Гулкий рокот двигателя автобуса заполнил пространство, когда колёса медленно прокатились по ухабистой дороге. В салоне ещё звучали приглушённые голоса, кто-то что-то обсуждал, кто-то тихо смеялся, но внутри витала усталость — приятная, тягучая, будто после долгого, насыщенного дня.
Ты спала, прильнув головой к крепкому плечу. Дыхание твоё ровное и спокойное. Усталость после сборов и мерное движение автобуса утянули тебя в сладкое царство Морфея.
Атсуму, устало запрокинув голову на спинку кресла, смотрел в окно, но мысли его были где-то в другом месте. Облака были похожи на рваные клочки ваты. Той самой, которой ты обрабатывала его синяк на щеке.

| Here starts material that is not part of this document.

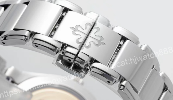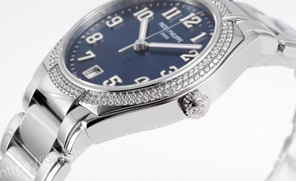 【錶殼】PP正品拆解開模,錶殼採用高噸位沖壓機冷模沖壓成型,再精心加工雕琢出輪廓。 承襲矩形系列腕錶的美學魅力,36MM的全新圓形錶殼,配備PP卡拉卓華專利折疊扣,脫戴方便。 錶鍊中心鏈節微微突起,與兩側的雙層鏈節融為一體,並和錶殼無縫結合。 在12時與6時的錶圈沿錶殼弧度彎曲並上升,精巧的鑲鑽錶圈結構,弧形藍寶石水晶表面,形成整個腕錶的桶形輪廓。
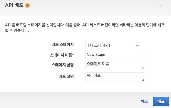 - 배포 스테이지 : 없으면 신규 생성 , 있으면 배포 스테이지 선택

Мия улыбается воспоминаниям. Мягко сжимает твою руку, укрывая её своей тёплой ладонью. Смотрит на тебя, спокойно спящую на его плече. В его взгляде не осталось прежней дерзости — только тихая, щемящая нежность. Он никогда не был таким. Но, кажется, всё изменилось в тот день, когда шутливой ошибкой Судьбы вас поселили в одну комнату. Не могло всё закончиться иначе — вы слишком разные, и слишком упрямые. Ты — острая на язык, он — безрассудный в поступках. Противоположности просто притягиваются или же дополняют друг друга?
Ты что-то неразборчиво пробормотала во сне, чуть шевельнулась. Атсуму наклонился ближе, осторожно прижался щекой к твоей голове и закрыл глаза.
Автобус мягко гудел. В кармане лежал брелок от комнаты двести семнадцать.